By learning multiple curries plus rice types plus sambols, you leave with a “meal map.” Next time you cook, you’re not guessing whether your sambol belongs with the curry you chose, or which rice style best matches the dish. You’ll also have multiple options when you shop: if you can’t find the exact vegetable used in class, you can still build a similar meal structure from what you learned.
And Chef Mohara Dole’s teaching style is a major reason people seem to leave happy. In one review, Mohara was praised for her enthusiasm and for welcoming people into her home and cooking studio. That energy matters in a class like this, because it turns a cooking task into a story you can repeat.
Price and value: is $60 fair for 3 hours of Sri Lankan home cooking?

For $60, you get about three hours of guided cooking, dinner, ingredients, bottled water, and soda/pop. That package makes the price feel less like a “pay for food” deal and more like a guided meal-learning experience.
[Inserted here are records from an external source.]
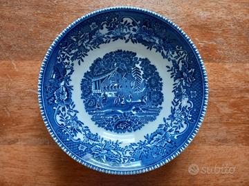 4 piatti piccoli fondi (per macedonia o aperitivi) in ceramica inglese serie "Avon cottage" prodotti dalla fabbrica Enoch Wedgwood Ltd. fra il 1965 ed il 1980, in condizioni perfette pari al nuovo, diametro cm.15, profonde cm.4.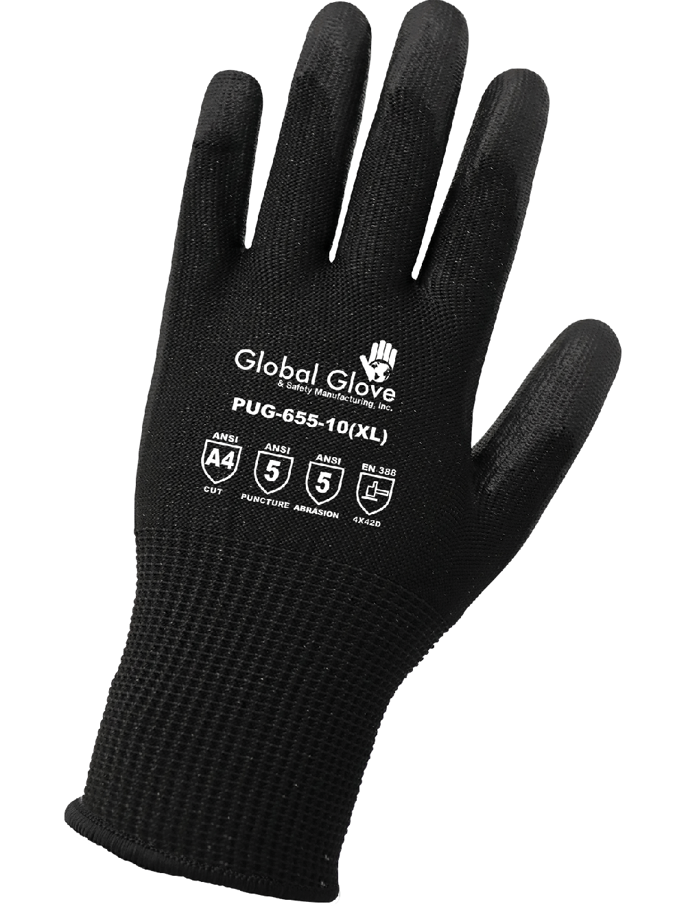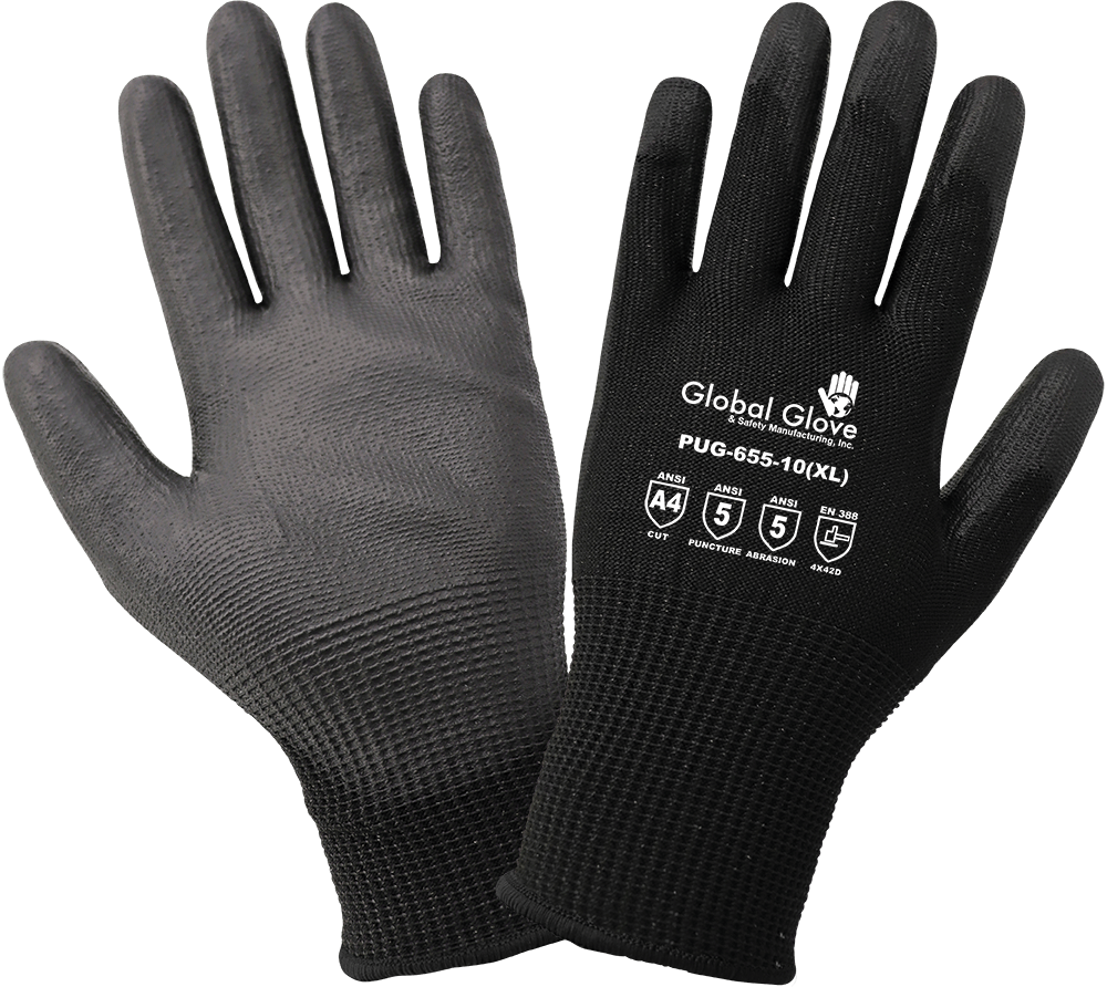 Global GloveŽ PUG-655 Smooth Polyurethane Coated Black HPPE Cut and Puncture Resistant Gloves, Cut Level A4, Dozen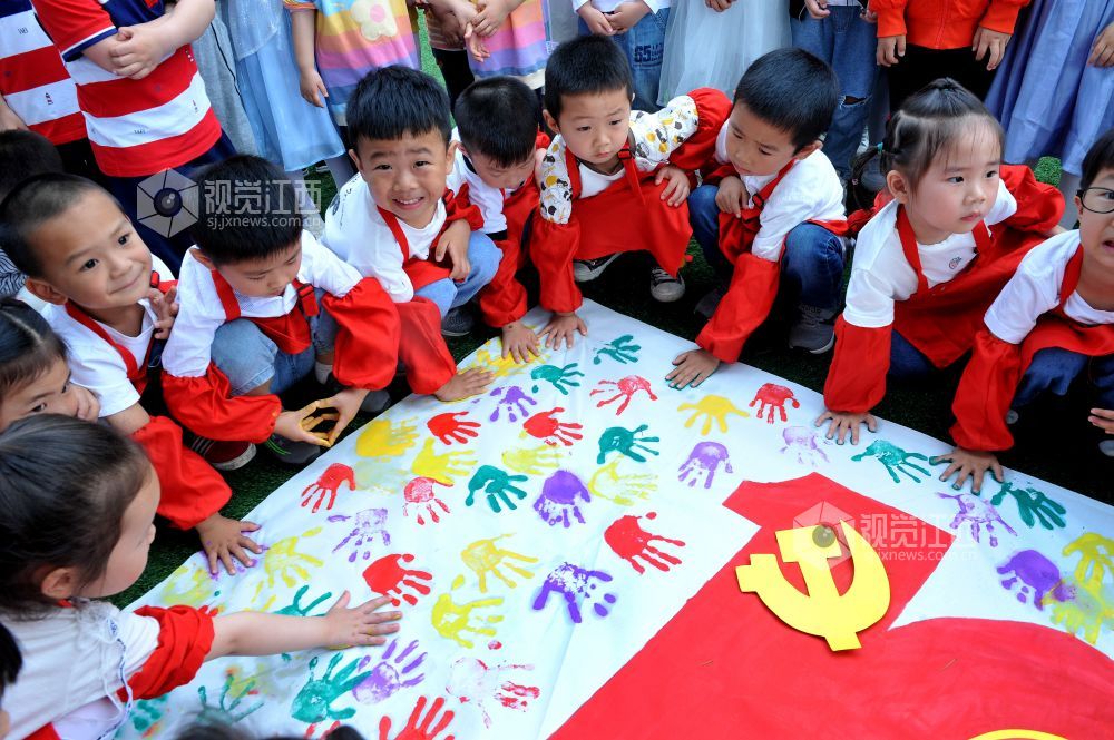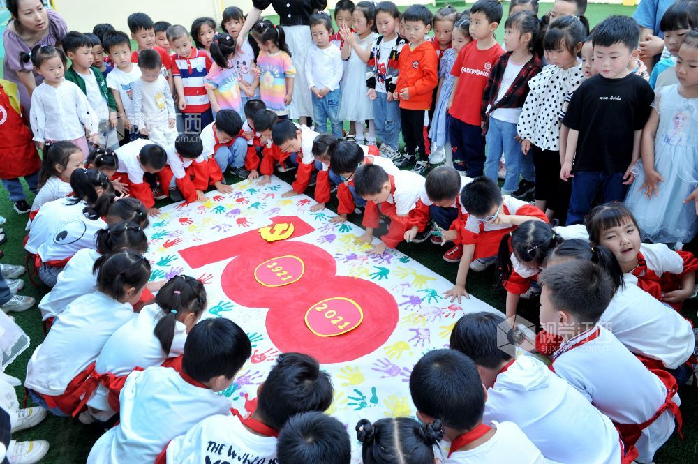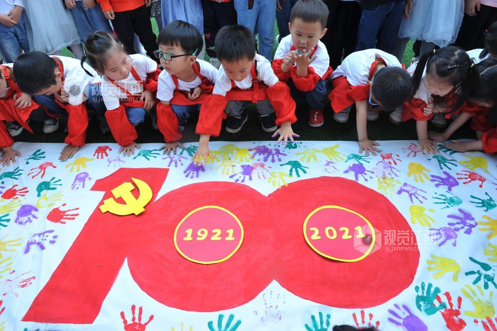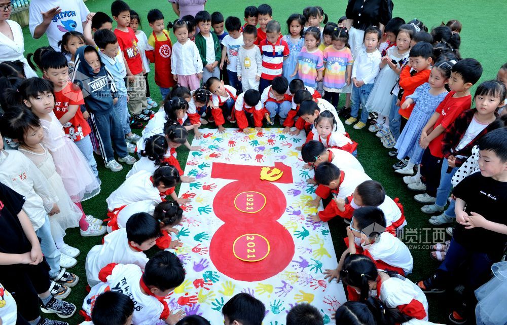 据了解,这是江西省德兴市城南幼儿园围绕今年是中国共产党建党100年,开展了“童心向党谢党恩,礼赞百年表真心”活动。上百名幼儿在老师的指导和帮助下,用自己的小手印制了一幅五彩手掌印表语,旨在强化孩子们从小爱党爱国启蒙教育的养成,以此迎接中国共产党百年华诞的到来。

Here’s the value logic that tends to matter:
- If you tried to replicate the meal on your own from scratch, you’d still pay for ingredients, and you wouldn’t have the teaching or recipe notes.
- You’re paying for someone to help you produce multiple dishes and then eat them, which you can’t do from a cookbook alone.
- Private, hands-on instruction is usually where the cost lands in cooking classes—so the inclusion of ingredients and dinner makes this one more balanced.
If you want a class where you leave with a realistic set of recipes you can use right away, this is strong value for Colombo.
Should you book Cooking By Colour with Mohara Dole?
Book it if you want Sri Lankan cooking you can repeat. The biggest reasons are the hands-on stove time, the variety (curries, rice styles like basmati/red raw rice/samba, and sambols), and the fact that you leave with recipes.
I’d skip it only if you’re looking for alcohol included or you prefer a purely observational experience. This is active. You’ll cook, you’ll eat, and you’ll take notes home in the form of recipes.
If you like food that has a system—base, curry, crunch, and brightness—this class gives you that structure in one afternoon.
FAQ
How long is the cooking experience?
The experience runs for about 3 hours.
How much does the tour cost?
The price is $60.
Where do I meet for the class in Colombo?
The meeting point is 49 Park Ln, Sri Jayawardenepura Kotte, Sri Lanka.
What will I learn to cook during the session?
You’ll learn traditional Sri Lankan foods including curries, rices, and sambols. Curries mentioned include options like loofah, eggplant, lotus root, chicken, seafood, and beetroot, and rice types mentioned include basmati, red raw rice, and samba.
What’s included with the ticket?
Dinner is included, along with all ingredients for lunch/dinner, bottled water, and soda/pop.
Is alcohol included?
No, alcoholic beverages are not included.
Is this tour private?
Yes. It’s listed as a private tour/activity, so only your group participates.
Can I cancel and get a full refund?
Yes. Free cancellation is available up to 24 hours in advance for a full refund.